_ACTIVITY:_ Although the records contain pictures, none belong in the copy: restate word for word only the lines from the one with "Timeless, versatile, and" through the one with "昨晚(1月21日),備受期待", both included.

_RECORDED INFORMATION:_
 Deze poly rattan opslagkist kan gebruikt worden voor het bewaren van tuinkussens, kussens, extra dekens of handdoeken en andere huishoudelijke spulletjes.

* * *

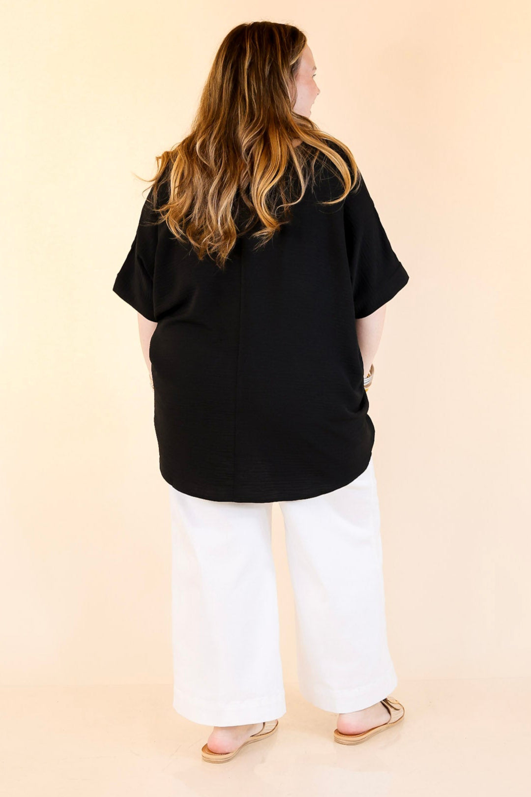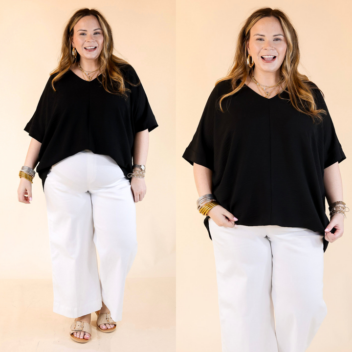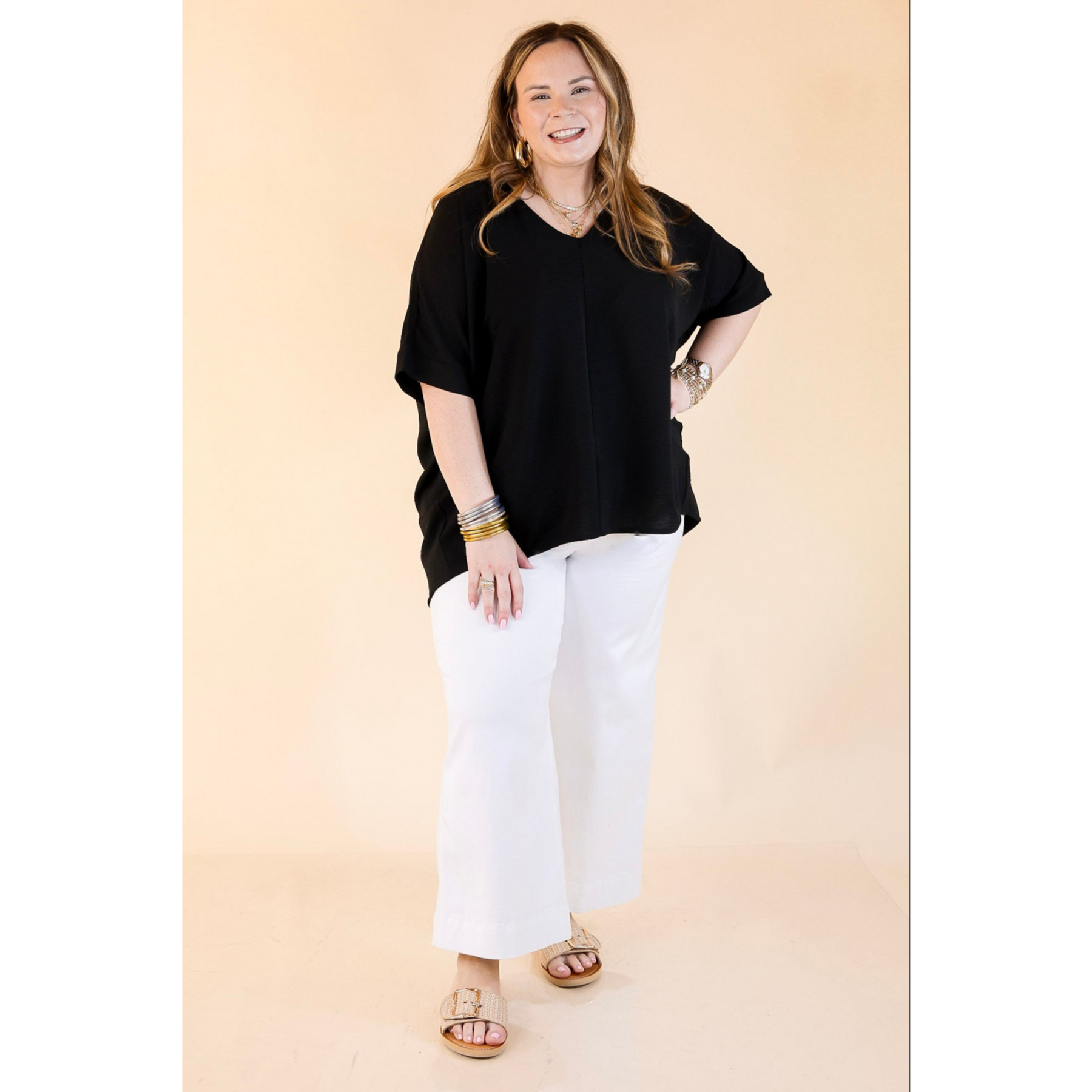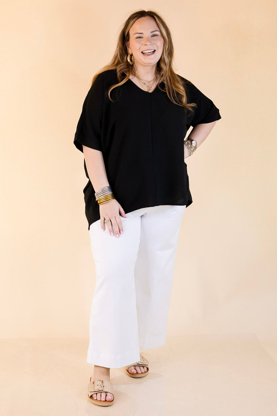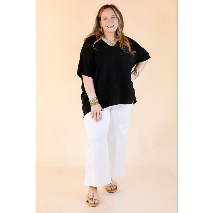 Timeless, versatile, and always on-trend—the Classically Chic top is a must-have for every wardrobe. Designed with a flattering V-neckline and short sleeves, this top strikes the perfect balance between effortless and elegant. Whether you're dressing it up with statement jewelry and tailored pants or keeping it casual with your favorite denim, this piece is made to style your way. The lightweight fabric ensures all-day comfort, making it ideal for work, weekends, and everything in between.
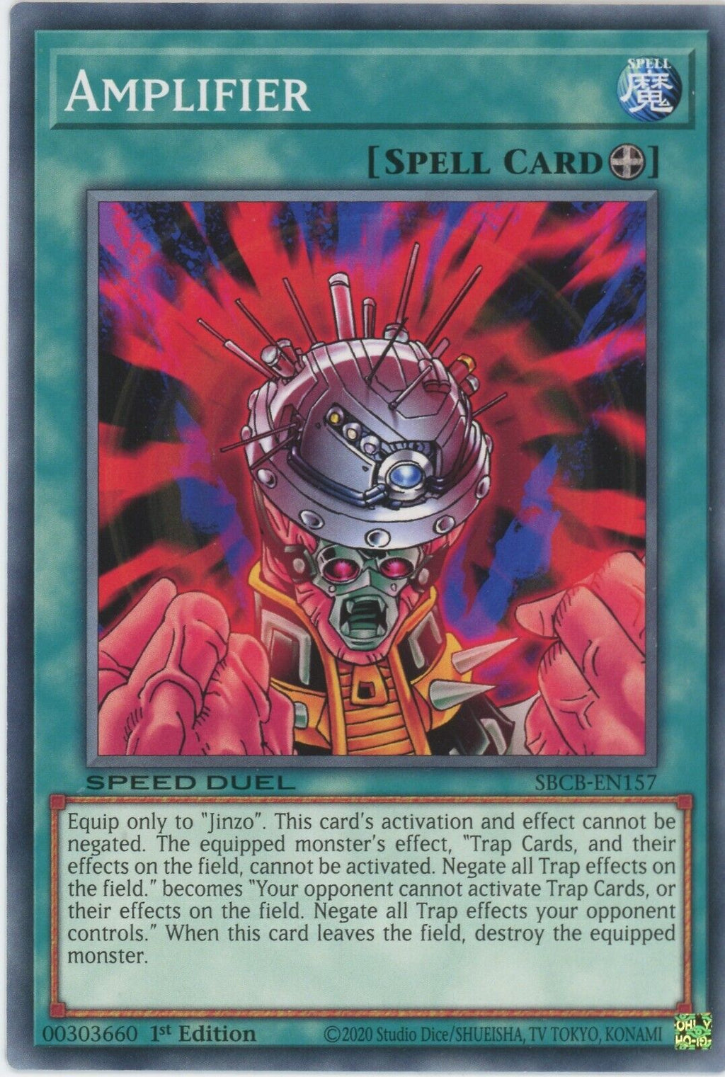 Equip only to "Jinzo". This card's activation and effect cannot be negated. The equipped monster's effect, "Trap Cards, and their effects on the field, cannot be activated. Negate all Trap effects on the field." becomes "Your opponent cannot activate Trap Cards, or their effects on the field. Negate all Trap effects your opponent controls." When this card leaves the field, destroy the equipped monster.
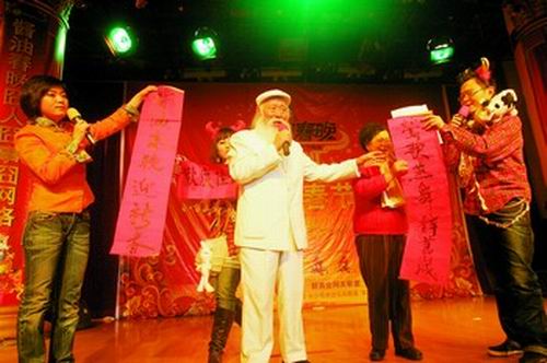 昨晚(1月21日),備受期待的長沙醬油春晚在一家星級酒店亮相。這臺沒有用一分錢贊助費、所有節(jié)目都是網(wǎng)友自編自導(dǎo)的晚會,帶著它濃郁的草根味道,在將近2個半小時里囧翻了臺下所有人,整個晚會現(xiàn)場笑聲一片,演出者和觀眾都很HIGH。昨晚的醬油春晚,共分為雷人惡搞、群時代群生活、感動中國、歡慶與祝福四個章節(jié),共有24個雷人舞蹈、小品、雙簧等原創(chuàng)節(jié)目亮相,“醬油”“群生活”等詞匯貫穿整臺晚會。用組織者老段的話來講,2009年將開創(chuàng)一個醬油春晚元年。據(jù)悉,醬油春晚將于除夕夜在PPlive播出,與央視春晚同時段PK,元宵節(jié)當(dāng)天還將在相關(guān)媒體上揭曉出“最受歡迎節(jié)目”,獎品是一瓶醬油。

_COMPLETED EXERCISE:_
 Timeless, versatile, and always on-trend—the Classically Chic top is a must-have for every wardrobe. Designed with a flattering V-neckline and short sleeves, this top strikes the perfect balance between effortless and elegant. Whether you're dressing it up with statement jewelry and tailored pants or keeping it casual with your favorite denim, this piece is made to style your way. The lightweight fabric ensures all-day comfort, making it ideal for work, weekends, and everything in between.
 Equip only to "Jinzo". This card's activation and effect cannot be negated. The equipped monster's effect, "Trap Cards, and their effects on the field, cannot be activated. Negate all Trap effects on the field." becomes "Your opponent cannot activate Trap Cards, or their effects on the field. Negate all Trap effects your opponent controls." When this card leaves the field, destroy the equipped monster.
 昨晚(1月21日),備受期待的長沙醬油春晚在一家星級酒店亮相。這臺沒有用一分錢贊助費、所有節(jié)目都是網(wǎng)友自編自導(dǎo)的晚會,帶著它濃郁的草根味道,在將近2個半小時里囧翻了臺下所有人,整個晚會現(xiàn)場笑聲一片,演出者和觀眾都很HIGH。昨晚的醬油春晚,共分為雷人惡搞、群時代群生活、感動中國、歡慶與祝福四個章節(jié),共有24個雷人舞蹈、小品、雙簧等原創(chuàng)節(jié)目亮相,“醬油”“群生活”等詞匯貫穿整臺晚會。用組織者老段的話來講,2009年將開創(chuàng)一個醬油春晚元年。據(jù)悉,醬油春晚將于除夕夜在PPlive播出,與央視春晚同時段PK,元宵節(jié)當(dāng)天還將在相關(guān)媒體上揭曉出“最受歡迎節(jié)目”,獎品是一瓶醬油。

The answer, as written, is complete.